The Naked Juice brand has operated as a wholly owned subsidiary of PepsiCo, under the parent company's PepsiCo Americas Beverages division. Naked Juice continued to conduct business in its Azusa, California headquarters until February 2010, when its offices were relocated to the neighboring city of Monrovia, California. Due in part to PepsiCo's scale of existing distributors, Naked Juice has since expanded to be sold in all 50 states within the U.S., as well as in Canada and the U.K.

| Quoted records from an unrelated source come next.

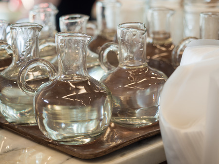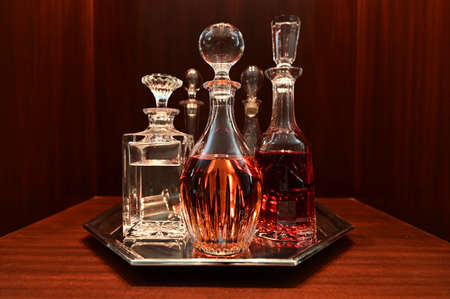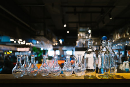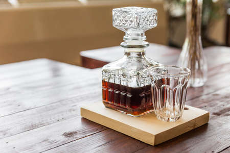 Glass decanters on the table in a restaurant. Selective focus.
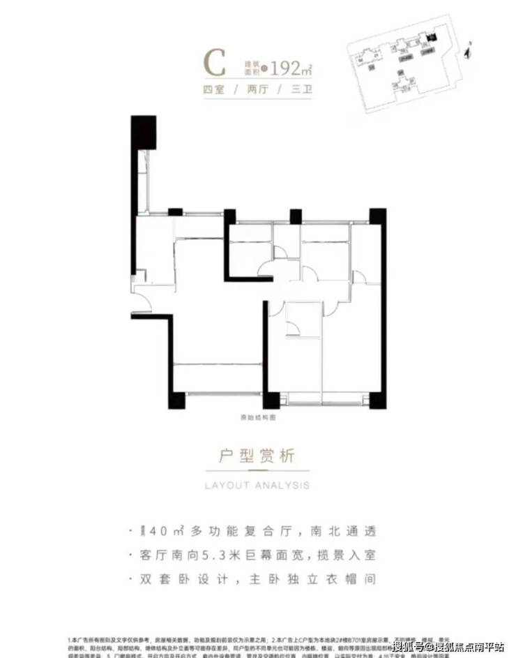 一共规划3栋住宅,总高度53-59层,1-4层是商业,5层为屋顶花园(空中花园),6层为首层住宅。规划131-300㎡四至五房,约624套。
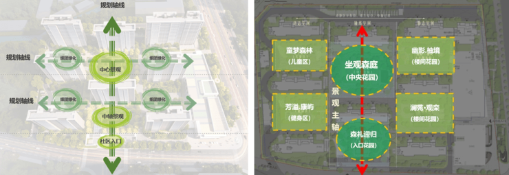 一轴是南北景观轴,包含入口花园和中央花园,动静区分有致,相互结合,将宅间花园分隔有序,在保证私密空间的条件下又通过中央花园相互连接。
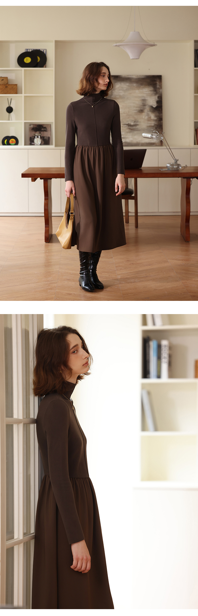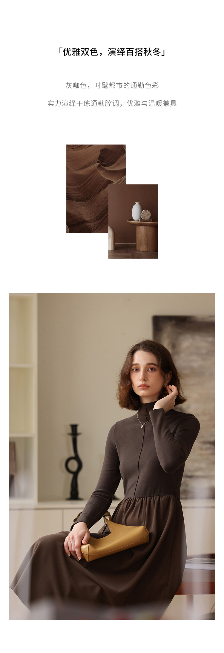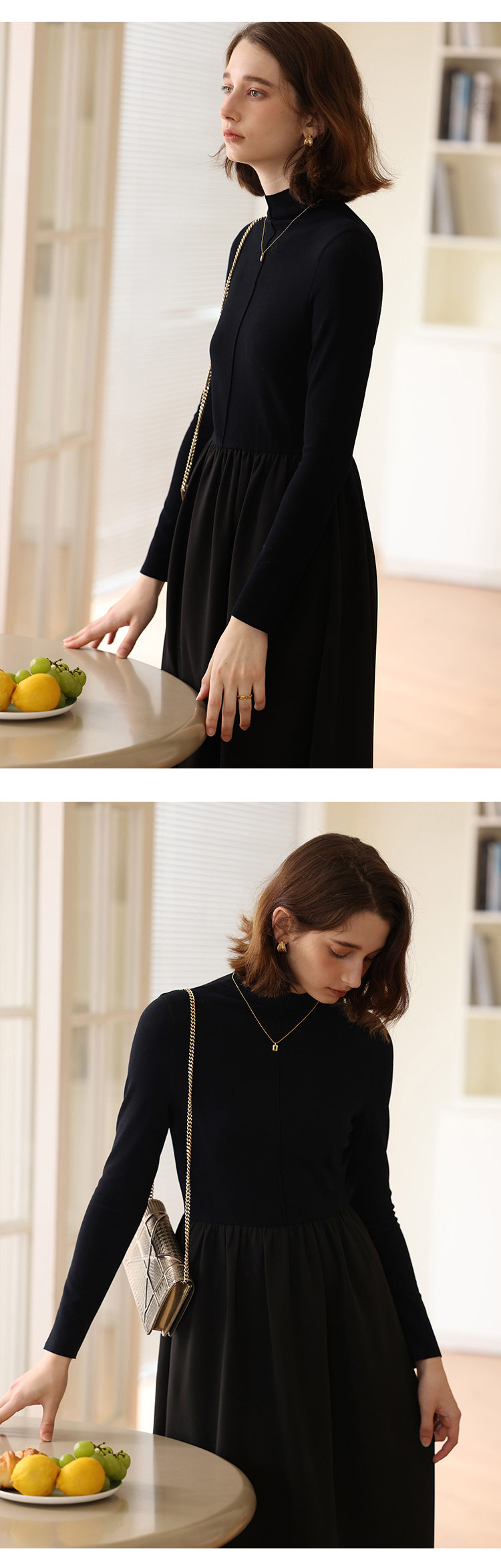 HeyDress法式半高领洋装女秋冬复古修身收腰a字伞裙长裙子
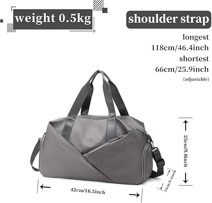 - Perfectly Sized & Versatile : Duffle bag for women and men, The size of this travel bag is 16.5"x9.8"x9.4", ideal as a carry on bag. With additional adjustable shoulder strap, the gym bag can be carried with you everywhere,use it for various activities, and sports such as tennis, dance, golf, football, crossfit, and swimming.
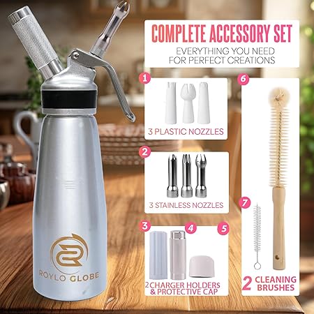 - VERSATILE DECORATING TOOLS: Equipped with 3 stainless steel and 3 plastic nozzles, our cream whipper unlocks endless possibilities for decorating various dishes. Whether you’re aiming for intricate swirls or delicate rosettes, these easy-to-change nozzles cater to all your creative needs. The whipped cream maker kit’s versatility is enhanced with a charger holder and detailed instruction manual, ensuring a safe and enjoyable experience for culinary experts.

In 2021, PepsiCo sold the brand to private equity firm PAI Partners.

==Controversies==
=== Class-action lawsuit ===
In 2012, a lawsuit was filed against the company and on July 2, 2013, the Naked Juice Company settled a class-action lawsuit which argued that many of the bottle's purported claims were false and misleading to the public. Specifically, claims that the product was "100% Juice", was "All Natural", contained "Nothing Artificial", and was "Non-GMO" were all at issue. Specifically the lawsuit indicated that certain ingredients, listed as vitamins, as displayed in the ingredient list of the nutrition facts, were actually synthetically produced, artificial sweeteners, fibers, and flavors which belied the claim the product was "All Natural" and contained only juice. The company agreed to stop using 'all natural' to describe its products due to lack of detailed regulatory guidance around the word ‘natural’, after agreeing to settle a class action for $9m.

===Sugar content===
Many Naked juices contain more sugar per ounce than soft drinks. For example, Naked's "Pomegranate Blueberry" contains some 61g of sugar—5.3 tablespoons of sugar in a single bottle. That equates to 1 teaspoon of sugar in every ounce of juice. This amount of sugar is greater than Coca-Cola, which contains 3.25g of sugar per ounce. Naked's "Green Machine" contains 3.5g of sugar per ounce, more than Pepsi Cola's 3.42g per ounce. Naked juice is advertised as Pepsi's "Good for you" product line despite an even higher sugar content.

==Products==
The Naked Juice product line consists of more than 20 variants of straight and blended 100-percent fruit and vegetable juices. Some of the products are produced in a smoothie consistency, while others remain in juice form. The juices are a combination of flash pasteurized fruits, vegetable juices and purees. Among the primary flavors of Naked Juice are strawberry banana, blue machine, green machine, orange mango and berry veggie which contains purple carrots, red beets, sweet potatoes, sweet corn, chick peas, sweet cherries, strawberries, plum, apple, and a hint of lemon.

In addition to juice flavor variants, since 2006 additional Naked Juice versions have been produced with a focus on specific health aspects such as digestion, protein and reduced-caloric content. In 2007, Naked Juice Probiotic was introduced, having been represented as the first 100-percent juice smoothie to contain probiotics for the aid in digestion. A protein-focused line of Naked Juice smoothies (marketed as protein zone) was first introduced in the early 2000s, with the addition of mango and double berry flavors in 2009. Two reduced-calorie Naked Juice smoothies were introduced in 2010: tropical and peach guava. Both of these products contain coconut juice, which is naturally lower in caloric content in comparison to other fruits.

Also in 2010, The Naked Juice Company added a 100-percent coconut water product, marketed under the name Naked Coconut Water, and sold within the U.S. in Whole Foods stores.

Naked Juice drinks are produced in 10, 15.2, 32, 64, and 128-US fluid ounce sizes; though not all flavors are packaged in all size formats. In 2009, Naked Juice changed the packaging used for its 32-ounce bottles to a variant consisting of 100-percent post-consumer recycled plastic PET (polyethylene terephthalate), the first beverage with national distribution in the United States to implement this packaging type. The new bottle design, referred to as "reNEWabottle" by the company, was extended to the 10, 15.2 and 64-ounce sizes in 2010, resulting in the reduction in new plastic consumption by a rate of 7,000,000 lb per year.